The center, once known as the National Information Center for Handicapped Children and Youth, had for decades provided direct resources to parents through mail and a telephone hotline. Though the center moved more and more of its information online, the stream of contacts from the public continued, at a rate of 90 to 300 calls a month, said Elaine Mulligan, who was NICHCY’s director. Much of that was due to the center’s long history, she said. While other federally-funded resources would change names or contact information, NICHCY remained.

Parents “would tell us, ‘you’re the only one who answers the phone.’ And now we’re not answering the phone any more,” Mulligan said. That was “heartbreaking” for the information specialists at the NICHCY, she added. “Our hearts want us to go on answering those phones forever.”

The information hotline part of NICHCY’s mission is not coming back, Mulligan said. But the online information, which includes dozens of fact sheets on disabilities, family rights under the Individuals with Disabilities Education Act, individualized education programs, due process provisions, and other topics will be preserved in the new Center for Parent Information and Resources. CPIR is slated to be up and running by early next year, she said. (A fuller description of CPIR’s duties can be found at this Federal Register notice.)

A statement from the Education Department to Education Week said that “in recent years, [the office of special education programs] has been consolidating some of our smaller investments into larger centers.

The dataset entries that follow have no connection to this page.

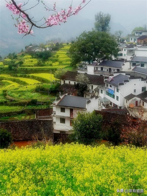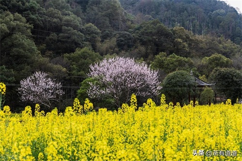 油菜花粉中含有丰富的花蜜,常引来彩蝶与蜜蜂飞舞于花间,由此平添了乡间田园缤纷的景致。三月中下旬,棵棵粉红的桃花、洁白的梨花点缀在漫山遍野金黄色的油菜花中,掩映着白墙灰瓦的徽派建筑,使得每一个逃离纷繁城市的人都能找到归宿。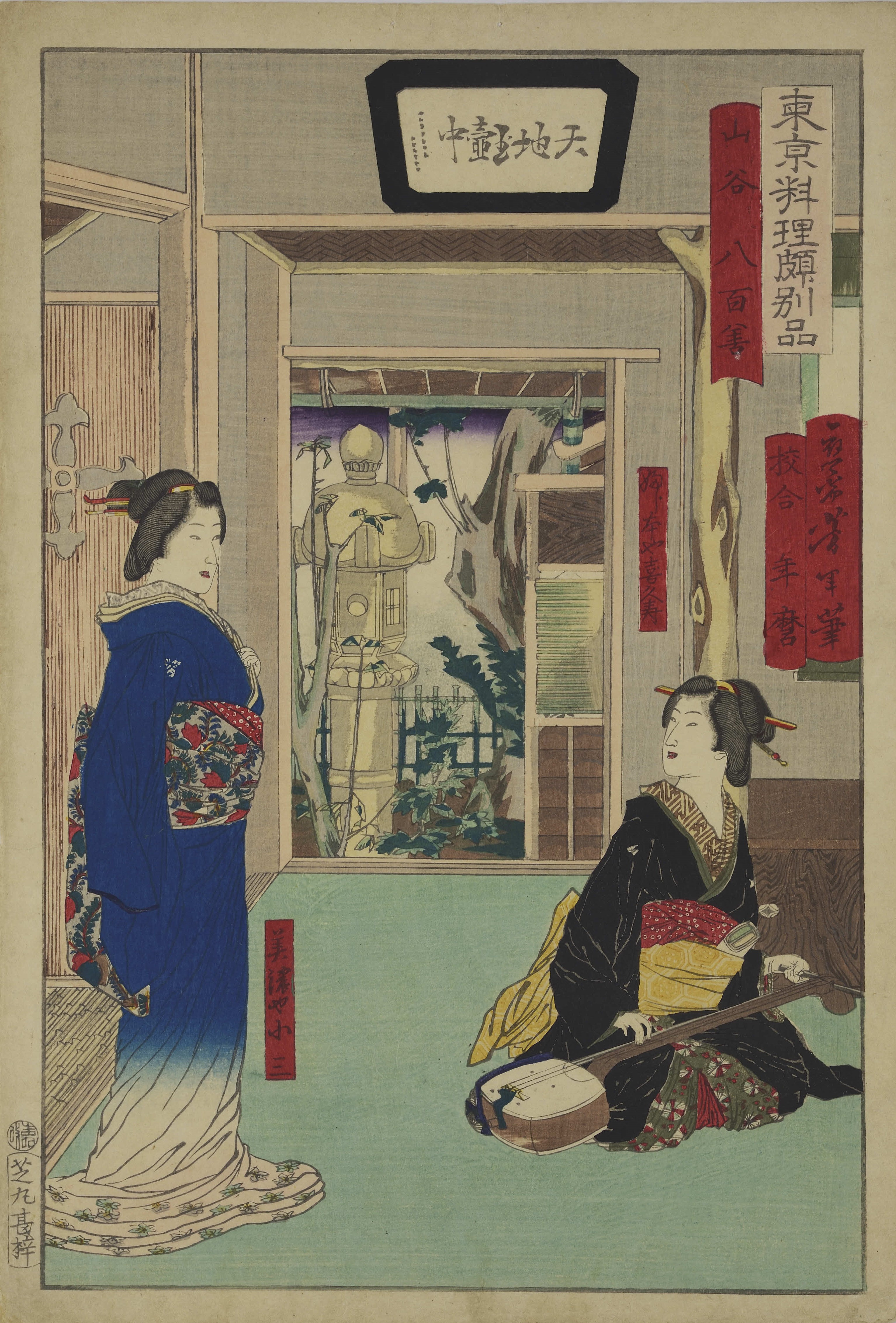 Aus der Serie: Restaurants in Tokyo mit besonderen Spezialitäten. Farbholzschnitt, 1871. Verleger: Maruya Shinpachi, Shiba. Staatliche Museen zu Berlin, Museum für Asiatische Kunst, Schenkung Dr. Marianne Rumpf, ehemals Sammlung Fritz Rumpf, Inv. Nr. 1999-82, Foto: Art Research Center, Ritsumeikan University, Kyoto.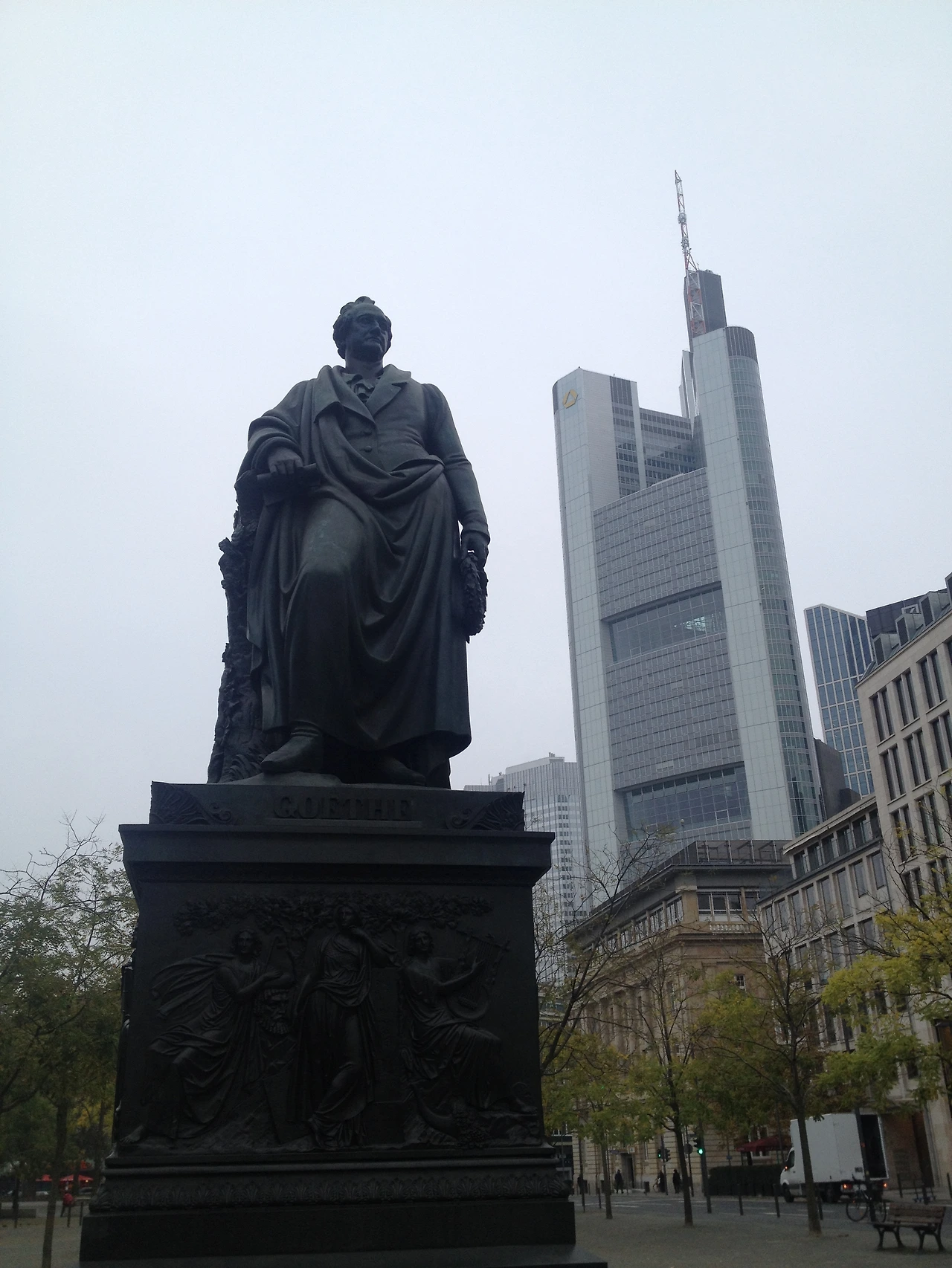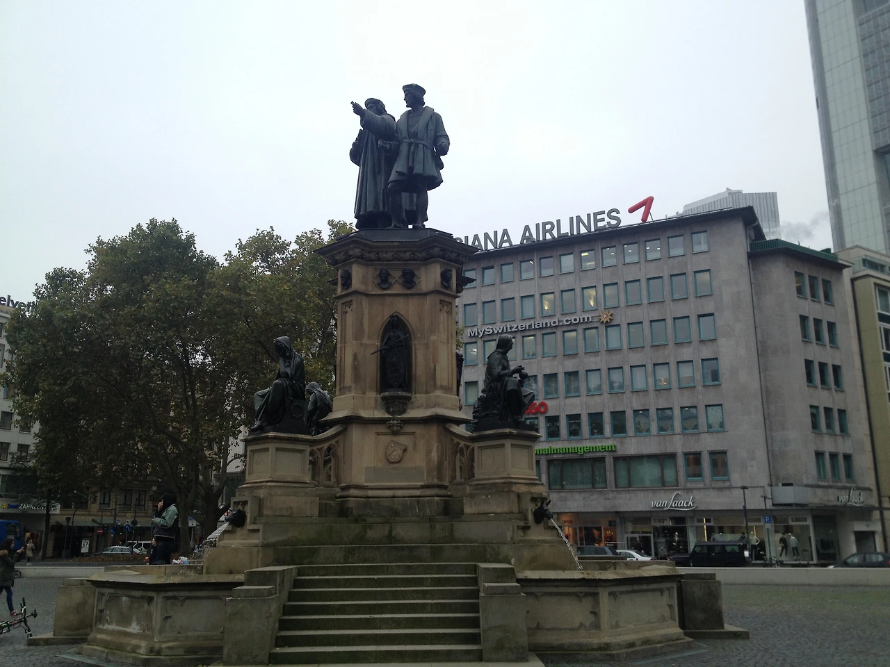 한참을 걸어 독일의 대문호 '괴테'와 근대 활판 인쇄술의 발명가 '구텐베르크' 동상이 있는 큰 광장에 갔다. 괴테 광장과 로스마르크트 광장이 합쳐진 곳인데 주말이나 축제 땐 수많은 사람들로 가득 찰 것 같았다.

The ‘larger strategy’ is to structure our discretionary investments to have a greater impact, increased reach and deliver services in a more efficient and effective manner. It is expected that future investments/resources will support the work that was carried out through our National Dissemination Center and that those materials will continue to be available beyond 2014.” NICHCY was awarded $800,000 in its last five-year grant cycle.

The new center’s primary work will be to support the parent training information centers and the community parent resource centers, which are in every state and are tasked with working directly with families of children with disabilities. NICHCY-created documents will be among the information these centers can use when they talk with parents.

Mulligan said that in the meantime, the specialists who worked with NICHCY plan to repurpose the center’s social media accounts so that parents will be able to find them, even though the well-known name is going away. “We want to keep a connection to NICHCY because we want people to be able to find us. There is a benefit to having been around for years and years,” she said.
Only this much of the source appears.